My first class was in Wescoe, too. First floor, room 1047, I’m pretty sure. It was FREN 120, which met at 9 AM each day of the week for one hour in Fall 2013. Maybe four or five people showed up each day, despite there being about twelve enrolled in the class. I never missed a session, somehow, but I’ve always been sort of a morning person.

When you first walk into Wescoe’s first floor on the East side, you’re greeted by this marble statue in a glass case. I’ve probably passed that statue hundreds of time over four and a half years, but I can’t tell you who it is. There’s a plaque that says his name, and I’m sure I’ve read it, but this statue remains anonymous in memory.

I learned a hell of a lot in Wescoe in four and a half years,  spite of the building. It’s got four floors, laid out in a weird labyrinth on the first floor and in these big rectangles on the fourth.
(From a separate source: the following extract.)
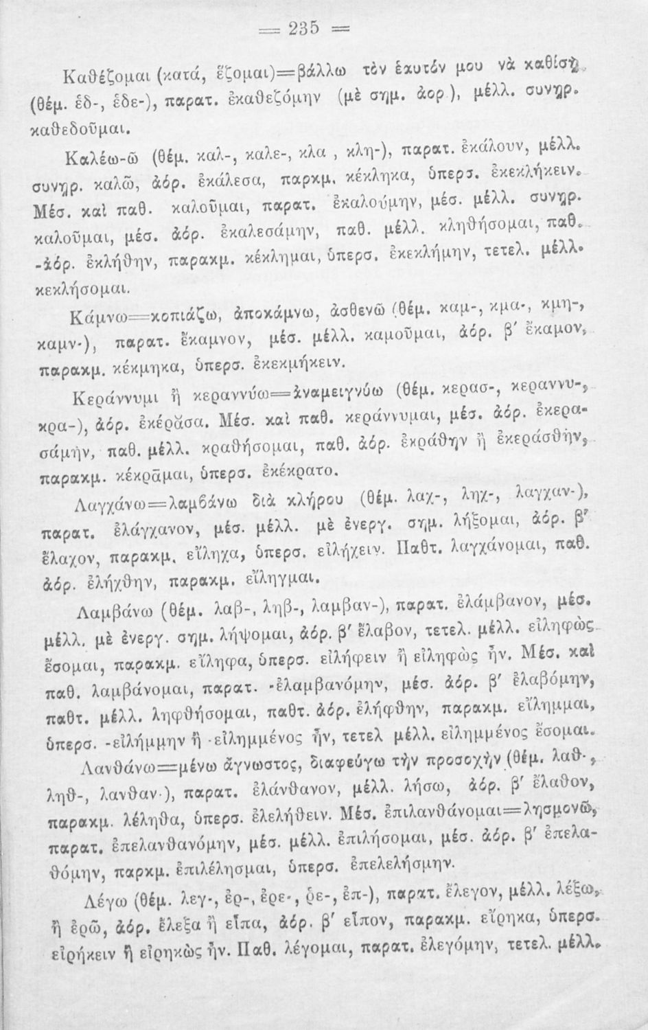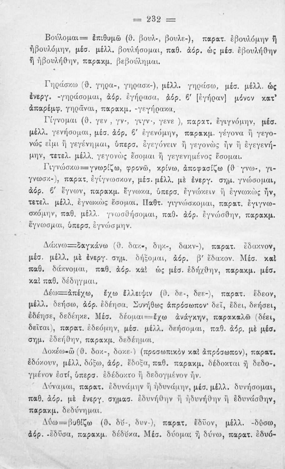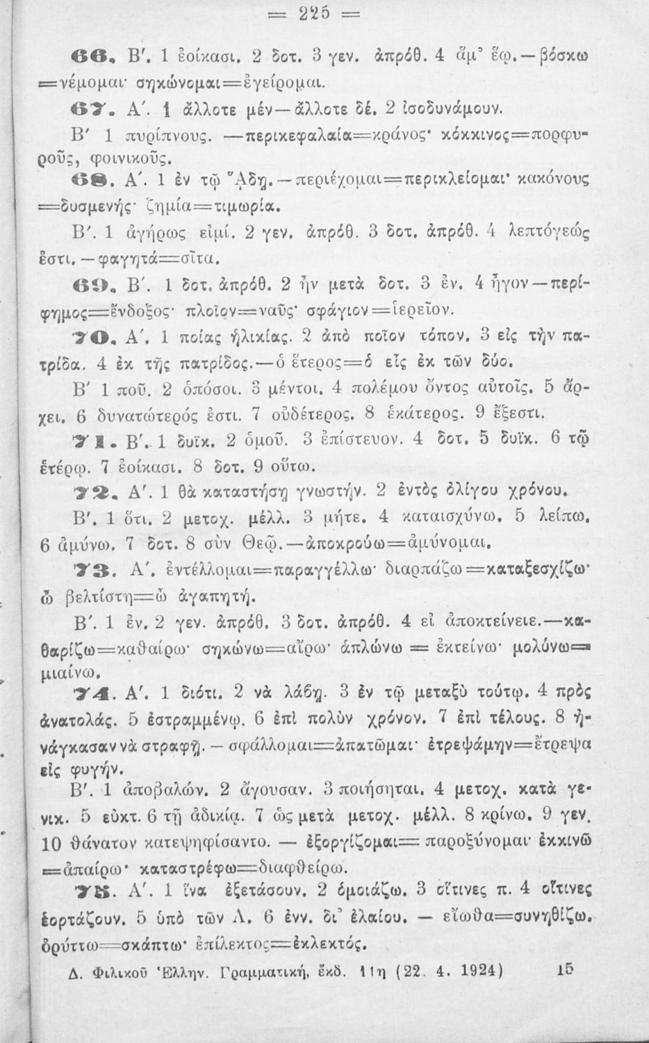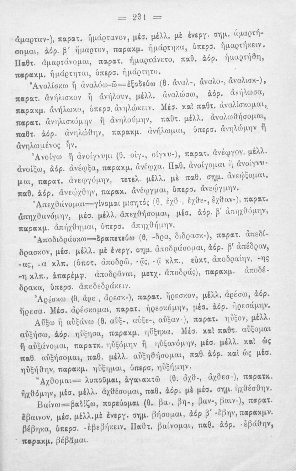 Σχολικό εγχειρίδιο Αρχαίων Ελληνικών Α΄, Β΄, Γ' Ελληνικού Σχολείου που αποτελεί γραμματική της αρχαίας ελληνικής και είναι χωρισμένο στο φθογγολογικό και το τυπολογικό μέρος. Περιέχει και σύντομα κείμενα που χρησιμοποιούνται για τη διδασκαλία των γραμματικών φαινομένων, λεξικολογικές σημειώσεις και κατάλογο ανωμάλων ρημάτων.

A more confusing office labyrinth is on the second and third Every room is numbered, including the bathrooms, which always struck me as weird. There are no windows in the bottom floor classrooms and cell signal doesn’t get down there at all. The Underground cafeteria closes at like 3 PM and you’re not allowed to pass through it past then. My architecturally-minded friends call it an eyesore but I have no sense of architectural quality either way. That’s the one thing I never gleaned from my French classes, even the one where a professor showed us hour-plus long powerpoint slideshows about French castles.

That class was in a windowless bottom-floor classroom, I think 1049. She’d turn the lights off for the slideshows, and the bottom floor was always a little warmer than it should’ve been anyway, it created a perfect atmosphere for falling asleep.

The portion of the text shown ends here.